## Provided records:
|---|
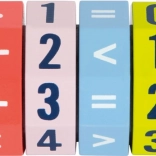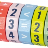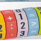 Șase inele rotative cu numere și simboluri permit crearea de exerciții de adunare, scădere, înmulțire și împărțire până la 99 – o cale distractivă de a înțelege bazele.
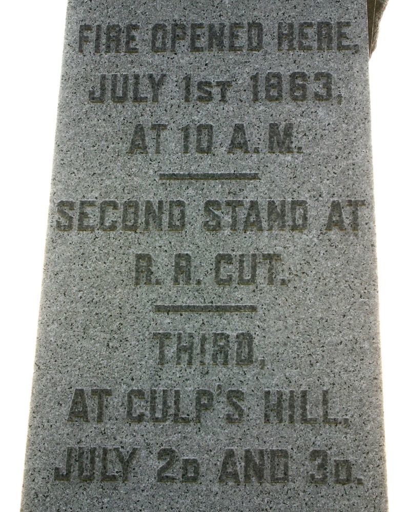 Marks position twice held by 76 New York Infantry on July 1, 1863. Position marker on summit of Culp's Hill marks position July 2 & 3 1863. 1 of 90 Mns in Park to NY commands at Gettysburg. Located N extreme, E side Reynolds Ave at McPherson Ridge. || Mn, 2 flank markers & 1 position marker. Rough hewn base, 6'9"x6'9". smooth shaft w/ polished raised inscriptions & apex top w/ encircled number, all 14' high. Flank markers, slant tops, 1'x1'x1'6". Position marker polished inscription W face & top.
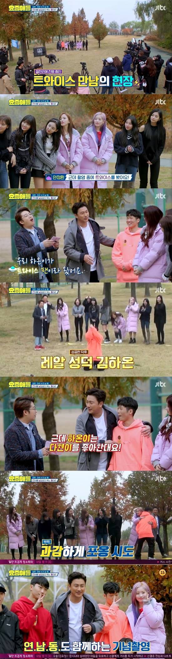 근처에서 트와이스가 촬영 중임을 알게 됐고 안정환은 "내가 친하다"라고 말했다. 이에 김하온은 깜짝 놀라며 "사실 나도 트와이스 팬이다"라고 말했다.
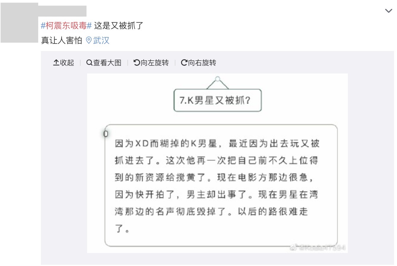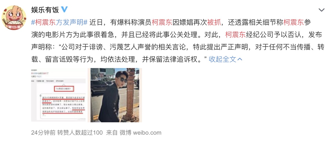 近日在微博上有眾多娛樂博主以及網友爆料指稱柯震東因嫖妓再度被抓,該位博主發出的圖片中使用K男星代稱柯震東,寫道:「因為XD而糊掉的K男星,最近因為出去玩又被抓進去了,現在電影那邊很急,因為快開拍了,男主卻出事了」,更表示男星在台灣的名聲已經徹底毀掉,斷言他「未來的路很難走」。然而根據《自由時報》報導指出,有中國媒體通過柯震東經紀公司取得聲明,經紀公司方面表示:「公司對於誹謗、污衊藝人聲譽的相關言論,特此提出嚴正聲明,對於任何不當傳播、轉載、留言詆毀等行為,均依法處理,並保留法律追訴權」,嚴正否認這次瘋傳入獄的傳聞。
|---|
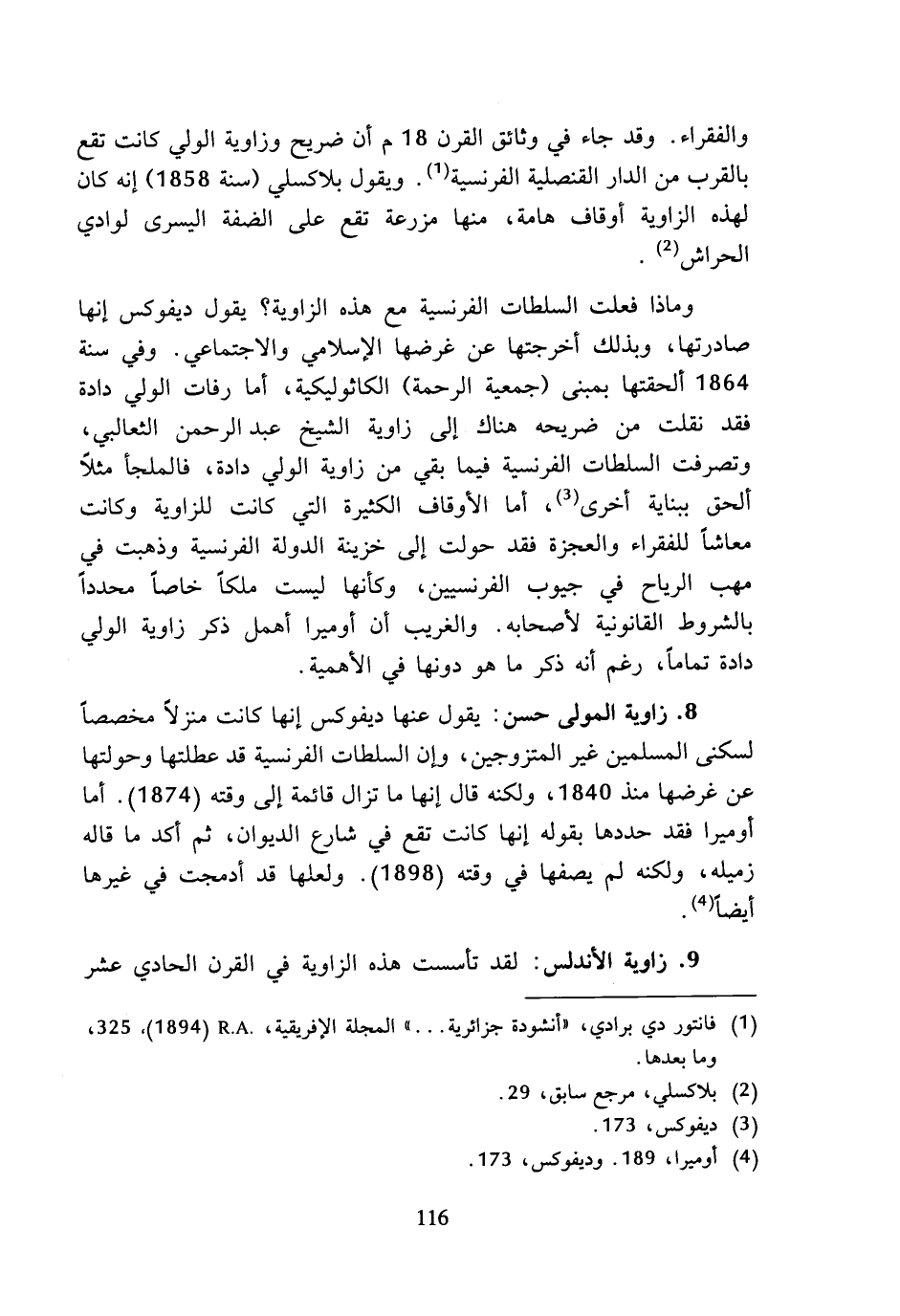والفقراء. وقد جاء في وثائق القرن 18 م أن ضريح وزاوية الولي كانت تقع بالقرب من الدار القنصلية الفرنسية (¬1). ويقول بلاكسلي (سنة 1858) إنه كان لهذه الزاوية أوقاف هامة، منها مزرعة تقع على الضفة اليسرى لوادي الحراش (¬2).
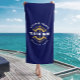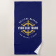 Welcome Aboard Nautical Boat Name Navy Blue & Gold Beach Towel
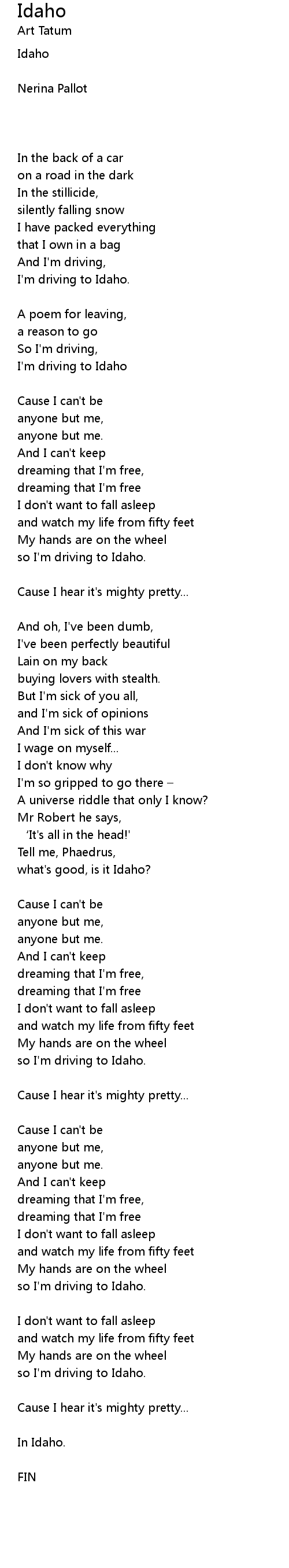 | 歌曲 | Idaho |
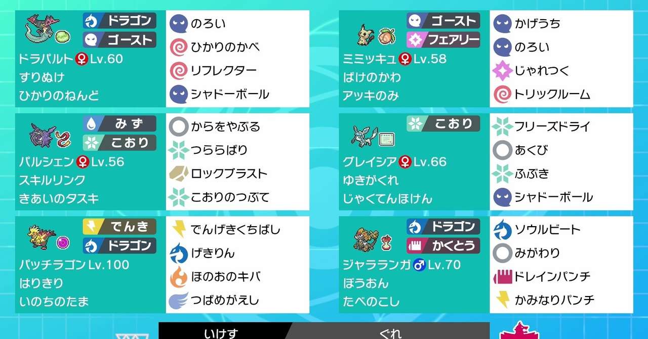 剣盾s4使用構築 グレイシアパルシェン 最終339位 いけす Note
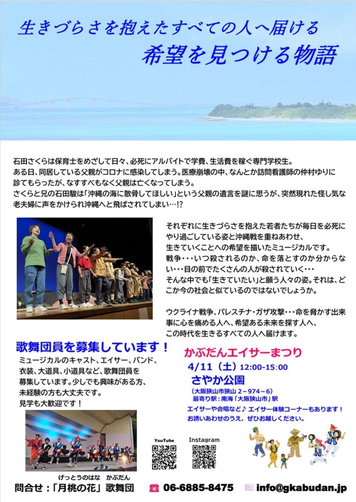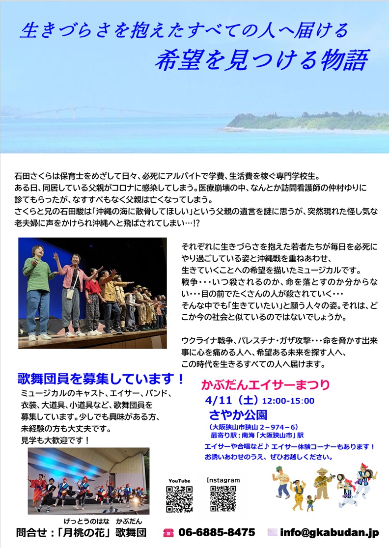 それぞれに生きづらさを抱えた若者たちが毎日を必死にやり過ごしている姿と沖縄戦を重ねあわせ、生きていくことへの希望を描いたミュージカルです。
|---|
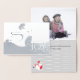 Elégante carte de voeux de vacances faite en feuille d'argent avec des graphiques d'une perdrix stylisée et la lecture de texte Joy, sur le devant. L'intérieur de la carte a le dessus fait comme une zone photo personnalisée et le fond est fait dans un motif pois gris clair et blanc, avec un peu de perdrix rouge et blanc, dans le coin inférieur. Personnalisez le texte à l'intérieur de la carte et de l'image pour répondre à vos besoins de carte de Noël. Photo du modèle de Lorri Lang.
|---|
## What you are asked to do:
Leave out the images and write out the lines above exactly, from the one with "والفقراء. وقد جاء" up to and including the one with "剣盾s4使用構築 グレイシアパルシェン 最終339位 いけす Note".

## Expected answer:
والفقراء. وقد جاء في وثائق القرن 18 م أن ضريح وزاوية الولي كانت تقع بالقرب من الدار القنصلية الفرنسية (¬1). ويقول بلاكسلي (سنة 1858) إنه كان لهذه الزاوية أوقاف هامة، منها مزرعة تقع على الضفة اليسرى لوادي الحراش (¬2).
 Welcome Aboard Nautical Boat Name Navy Blue & Gold Beach Towel
 | 歌曲 | Idaho |
 剣盾s4使用構築 グレイシアパルシェン 最終339位 いけす Note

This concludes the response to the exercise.